All of the data below should be repeated exactly. Pictures should not be included.

[Records for the task Boundary: Start]

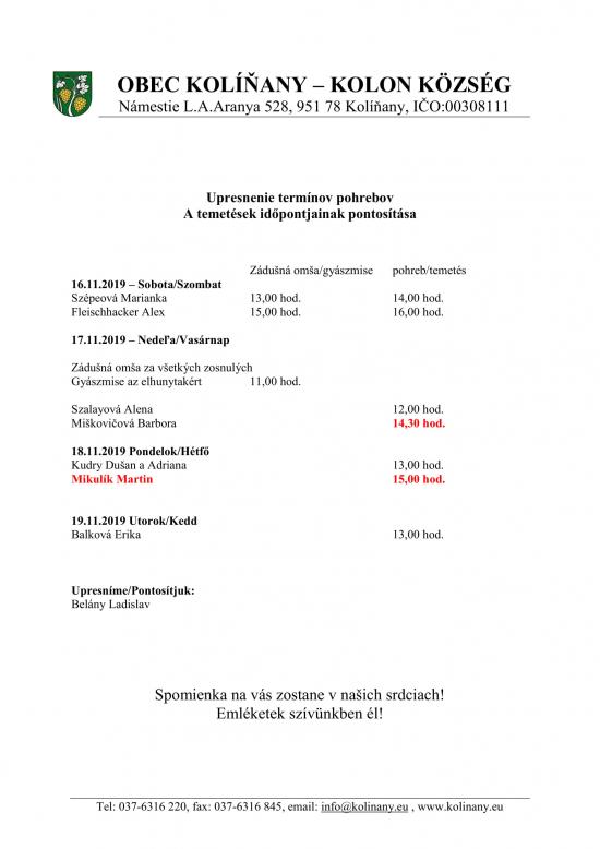 Harmonogram pohrebov v obci Kolíňany - upresnenie 1
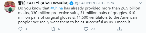 В отличие от ?спасибо? Помпео, Китай доказал на деле, а не только на словах, что он действительно желает американскому народу удачи. Цао И заметил, что Китай предоставил США 26,5 миллиардов масок, 330 миллионов комплектов защитной одежды, 31 миллион пар очков, 610 миллионов пар хирургических перчаток и 11500 аппаратов ИВЛ. ?Знает ли об этом Помпео??, - добавил он. Дипломат надеется, что американский народ последует примеру китайского и также одержит победу над эпидемией. Китайцы ему это искренне желают.
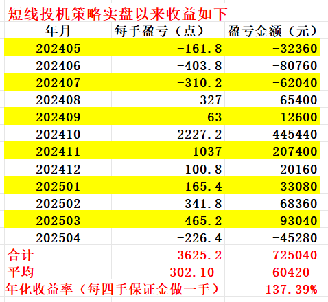 如图,截至2025年4月,短线策略实盘以来的十二个月总盈利为每手72.5万元,月平均盈利为每手6万元,年化收益率(按每四手保证金做一手合约计算)为137.39%。
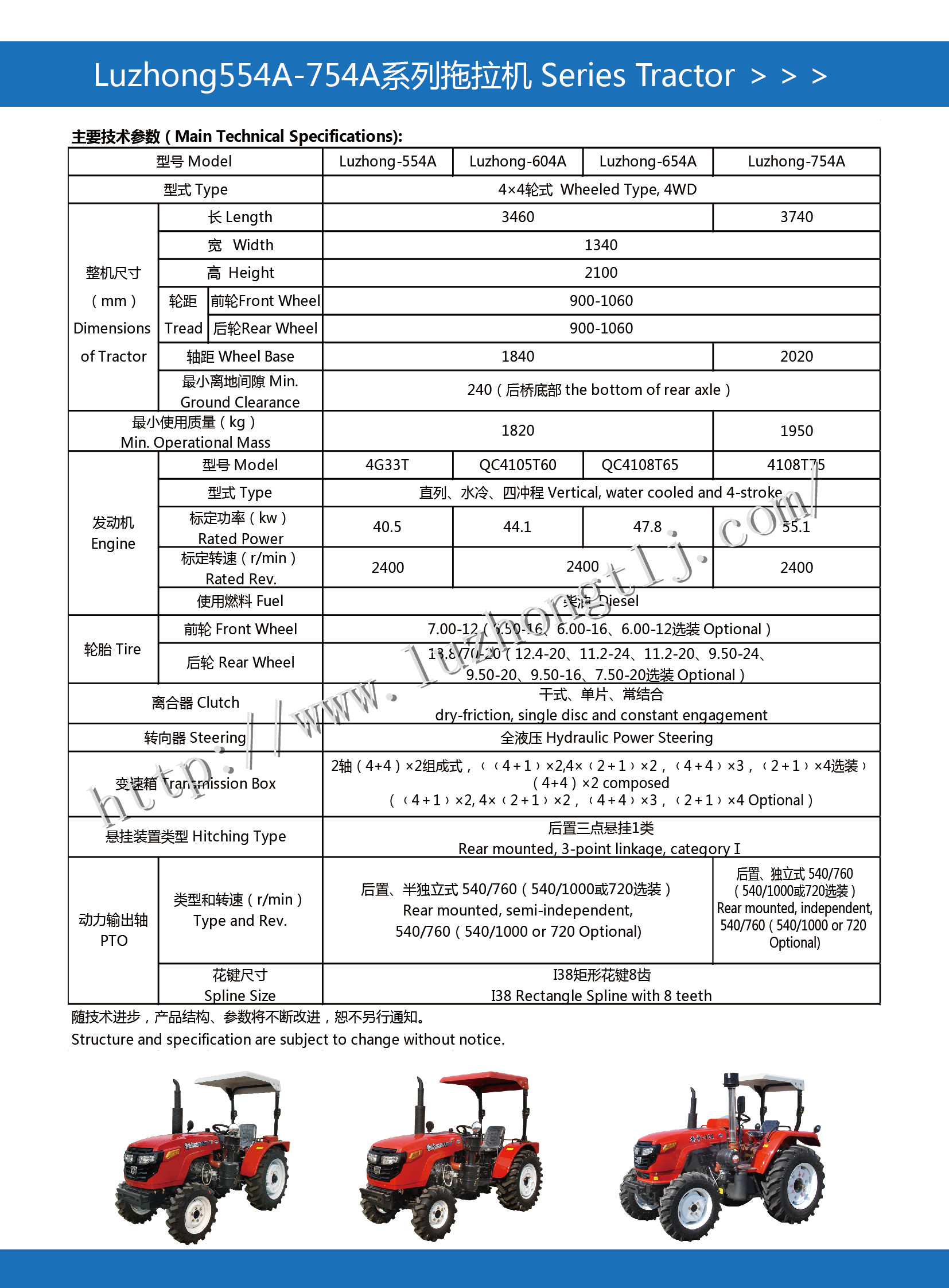 采用雙作用離合器,8+4檔中拖底盤,可選裝側變速掛檔,爬行檔,梭式換檔,檔位匹配合理。可選裝強壓提升器,提升力大,提升速度快,可靠性更高,可選裝雙輪胎,增加驅動力。
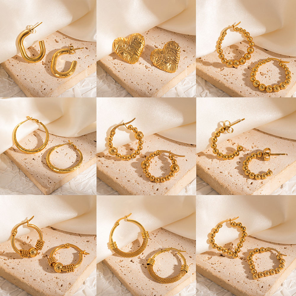 Popular C-Shaped Stainless Steel Earrings Gold-Plated Heart Round Geometric Earrings Accessible Luxury High-Grade Non-Fading Titanium Steel Earrings
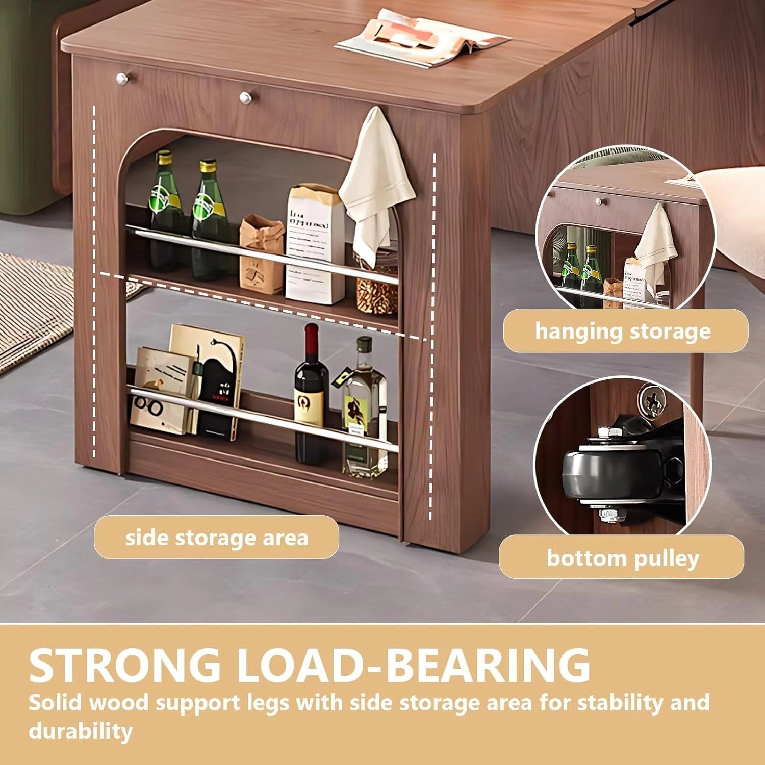 Retro Luxury Style: The island and tabletop feature a seamless integrated design, finished in a rich brown retro tone with exquisite wood grain. The tabletop can be freely folded, extended and repositioned to suit your personal needs.
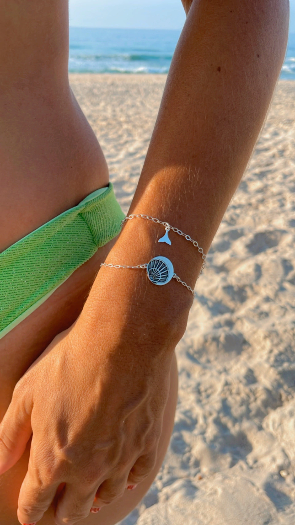 Pulseira Plaquinha Concha Prata 925: A Elegância do Mar em Seu Pulso
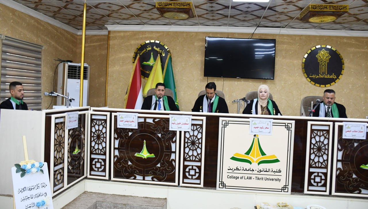 نوقشت في كلية القانون - جامعة تكريت رسالة ماجستير في القانون الخاص للطالب (محمد علي صالح) والموسومة ب (الاكراه الاقتصادي في عقود التجارة الدولية- دراسة مقارنة) وعلى قاعة الشهيد الدكتور ضامن العبيدي صباح يوم الاثنين الموافق 16-9-2024.
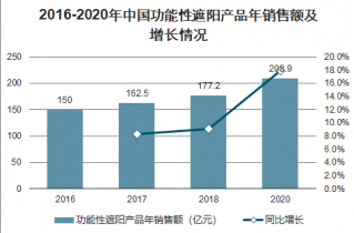 2016-2020年中國功能性遮陽產品年銷售額及增長情況
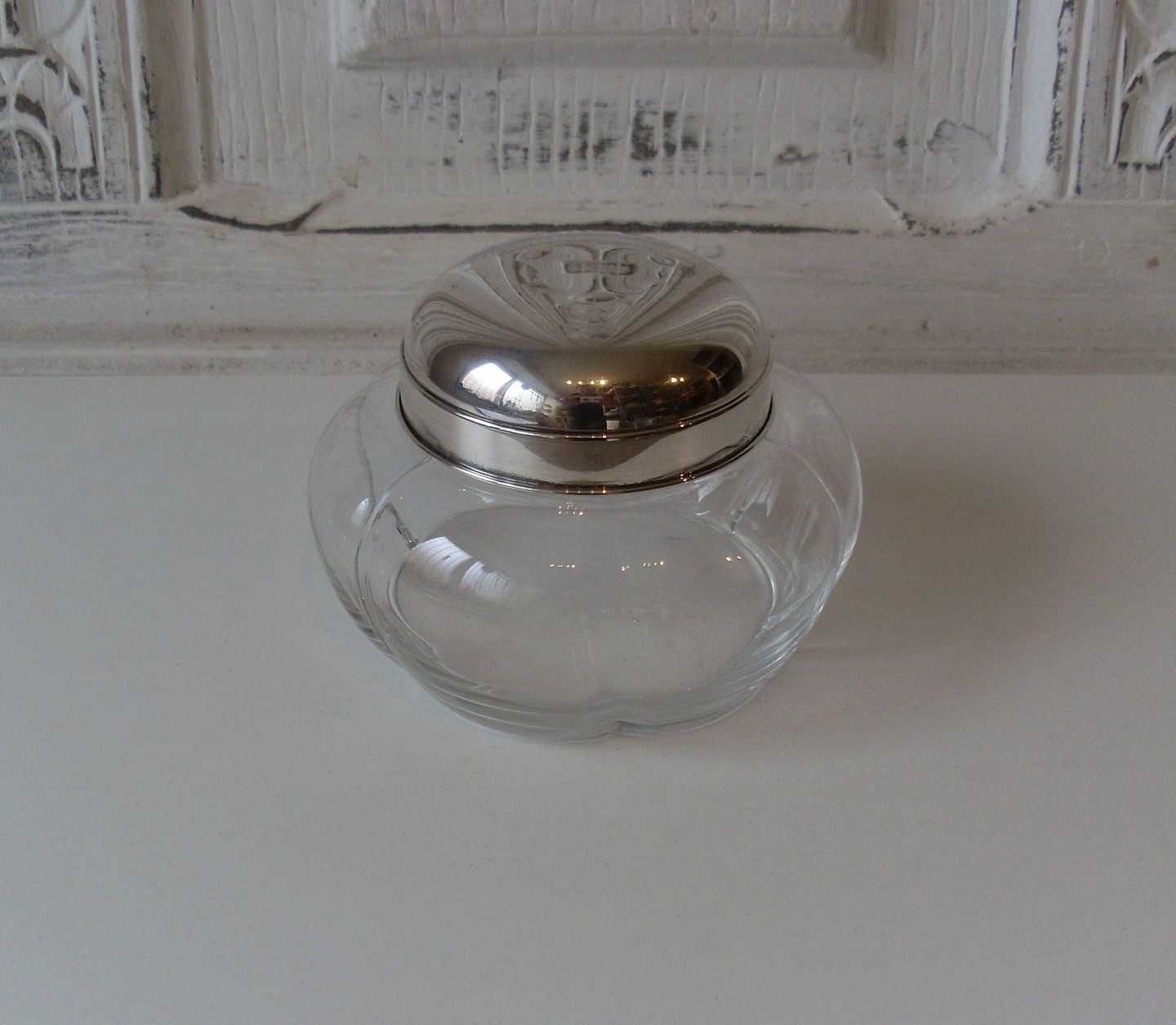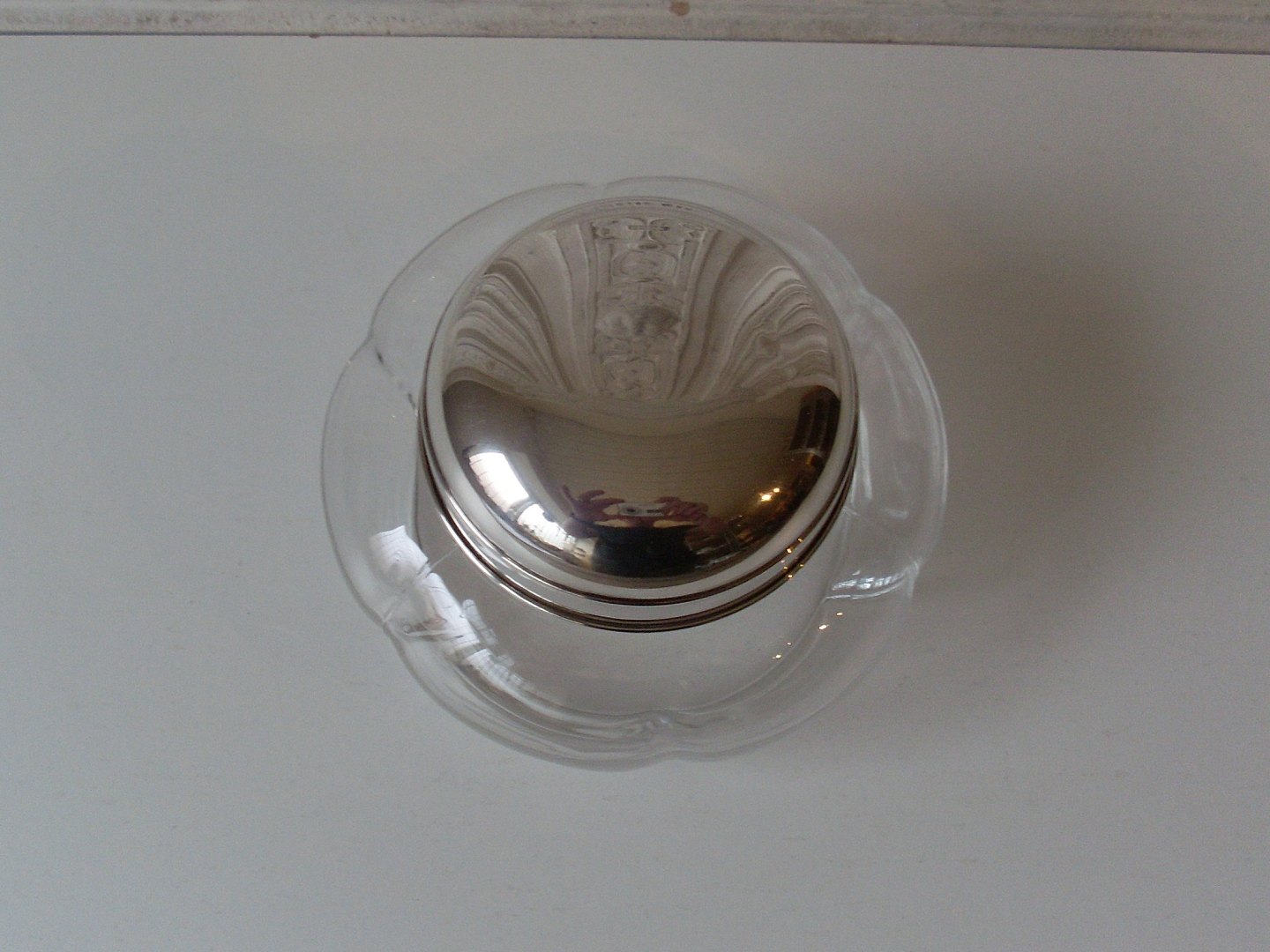 Bon bonnier i glas med låg af sterlingsølvFremstår med meget lille bule i låget.
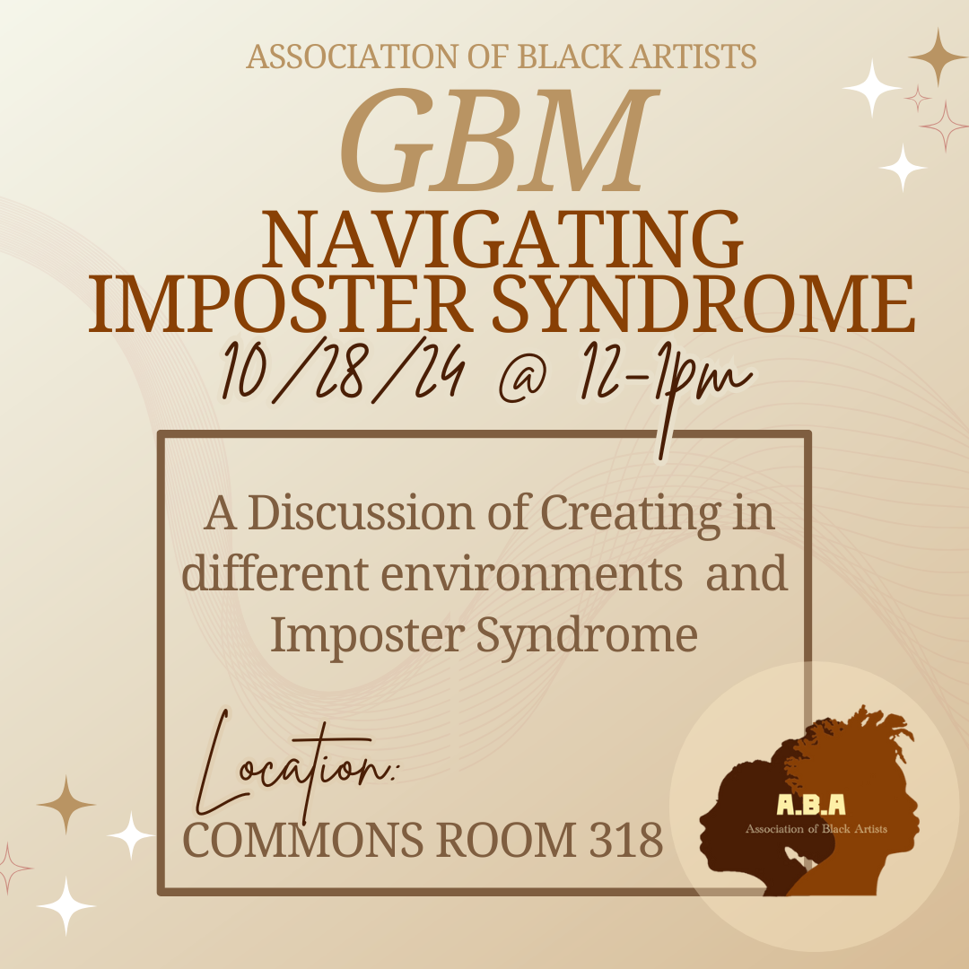 Join us TOMORROW in Commons 318 for our next GBM of the semester! We’ll be discussing how to navigate imposter syndrome, and creating in different environments!
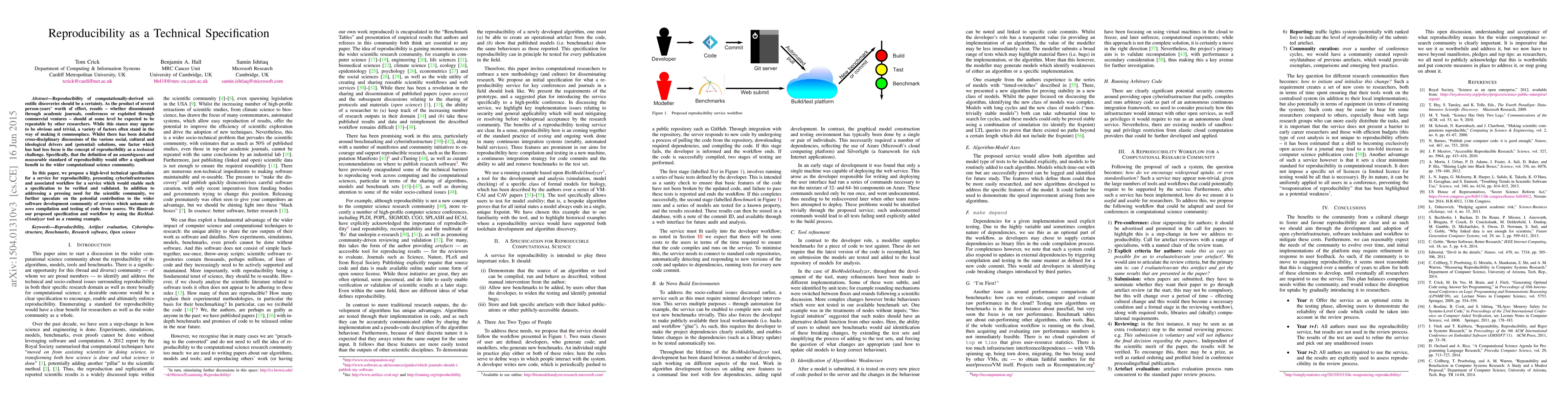 The paper presents a technical specification and workflow for a reproducibility service, including cyberinfrastructure, which can automate de novo compilation and testing of code from source.

[Records for the task Boundary: End]

Response |
 Harmonogram pohrebov v obci Kolíňany - upresnenie 1
 В отличие от ?спасибо? Помпео, Китай доказал на деле, а не только на словах, что он действительно желает американскому народу удачи. Цао И заметил, что Китай предоставил США 26,5 миллиардов масок, 330 миллионов комплектов защитной одежды, 31 миллион пар очков, 610 миллионов пар хирургических перчаток и 11500 аппаратов ИВЛ. ?Знает ли об этом Помпео??, - добавил он. Дипломат надеется, что американский народ последует примеру китайского и также одержит победу над эпидемией. Китайцы ему это искренне желают.
 如图,截至2025年4月,短线策略实盘以来的十二个月总盈利为每手72.5万元,月平均盈利为每手6万元,年化收益率(按每四手保证金做一手合约计算)为137.39%。
 采用雙作用離合器,8+4檔中拖底盤,可選裝側變速掛檔,爬行檔,梭式換檔,檔位匹配合理。可選裝強壓提升器,提升力大,提升速度快,可靠性更高,可選裝雙輪胎,增加驅動力。
 Popular C-Shaped Stainless Steel Earrings Gold-Plated Heart Round Geometric Earrings Accessible Luxury High-Grade Non-Fading Titanium Steel Earrings
 Retro Luxury Style: The island and tabletop feature a seamless integrated design, finished in a rich brown retro tone with exquisite wood grain. The tabletop can be freely folded, extended and repositioned to suit your personal needs.
 Pulseira Plaquinha Concha Prata 925: A Elegância do Mar em Seu Pulso
 نوقشت في كلية القانون - جامعة تكريت رسالة ماجستير في القانون الخاص للطالب (محمد علي صالح) والموسومة ب (الاكراه الاقتصادي في عقود التجارة الدولية- دراسة مقارنة) وعلى قاعة الشهيد الدكتور ضامن العبيدي صباح يوم الاثنين الموافق 16-9-2024.
 2016-2020年中國功能性遮陽產品年銷售額及增長情況
 Bon bonnier i glas med låg af sterlingsølvFremstår med meget lille bule i låget.
 Join us TOMORROW in Commons 318 for our next GBM of the semester! We’ll be discussing how to navigate imposter syndrome, and creating in different environments!
 The paper presents a technical specification and workflow for a reproducibility service, including cyberinfrastructure, which can automate de novo compilation and testing of code from source.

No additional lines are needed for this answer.